In his testimony before the Senate Intelligence Committee, Comey said he began documenting his interactions with the president starting with his first meeting on Jan. 6 after a tense briefing at Trump Tower.  “It was the subject matter and the person I was interacting with," he said. “It was the nature of the person. I was honestly concerned that he would lie about the nature of our meeting."

Comey also said Trump “defamed me and the FBI’’ after the president dismissed him last month. "Those were lies, plain and simple, and I am so sorry the FBI workforce had to hear them, and the American people were told them," Comey said.

As Comey testified that he would welcome the release of any tapes of conversations he had with Trump, Sanders also said she has "no idea" if there is a taping system in the White House.

Trump watched parts of the hearing with top aides, including members of his legal team, in a private dining room at the White House.

He did not tweet about the Comey hearing, nor did he mention the testimony specifically during a midday speech to a group of religious conservatives. Trump did, however, tell supporters that "we're under siege," and "we will come out bigger and better and stronger than ever."

Critics of Trump, including Democratic lawmakers, said Comey's accounts could add up to an effort by Trump to obstruct justice in an investigation of links between Trump campaign associates and Russians who tried to influence last year's election.

Comey said Trump repeatedly asked him to somehow resolve the Russia investigation, and pressed him to drop the inquiry into former national security adviser Michael Flynn.

"He described the Russia investigation as 'a cloud' that was impairing his ability to act on behalf of the country," Comey wrote.

Comey said he told the president that "we were investigating the matter as quickly as we could, and that there would be great benefit, if we didn’t find anything, to our having done the work well."

Supporters of Trump noted that Comey also essentially confirmed the president's claim that on three occasions the FBI director told the president he was not personally under investigation – statements Comey said Trump urged him to make public.

"The President is pleased that Mr. Comey has finally publicly confirmed his private reports that the President was not under investigation in any Russian probe," Kasowitz had said after the release of the written statement on Wednesday. "The President feels completely and totally vindicated.  He is eager to continue to move forward with his agenda."

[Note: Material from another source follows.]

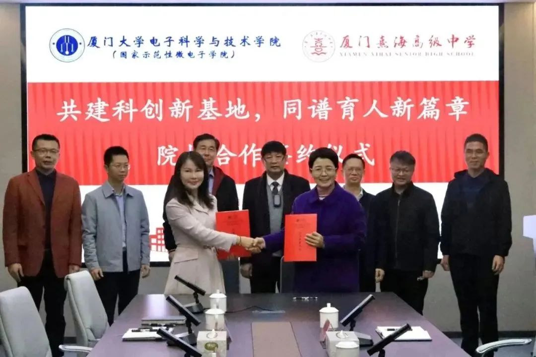厦门大学电子科学与技术学院党委书记石慧霞与厦门熹海高级中学负责人郑希上台签约,互换协议。双方秉持合作促共赢、交流促提升的发展思路,建立良好的院校合作机制,力促双方合作向更宽领域、更高层次发展。

In his written statement, Comey said the FBI and Justice Department believed there were a number of reasons not to make that kind of statement publicly, "most importantly because it would create a duty to correct, should that change."

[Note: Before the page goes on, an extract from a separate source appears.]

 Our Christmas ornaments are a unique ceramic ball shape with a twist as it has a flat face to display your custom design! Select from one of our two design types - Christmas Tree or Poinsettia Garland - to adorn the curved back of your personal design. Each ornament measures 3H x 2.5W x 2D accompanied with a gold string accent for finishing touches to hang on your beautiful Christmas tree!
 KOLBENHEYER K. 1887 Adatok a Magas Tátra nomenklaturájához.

In addition to the Comey hearing, Trump has what spokesman  Sean Spicer called "a full day" of presidential activity on Thursday.

It included the midday speech to the Faith and Freedom Coalition's Road to Majority Conference, and a mid-afternoon meeting with a group of mayors and governors to discuss infrastructure plans.

Trump's focus, Spicer said, "is going to be on pursuing the agenda and the priorities that he was elected to do."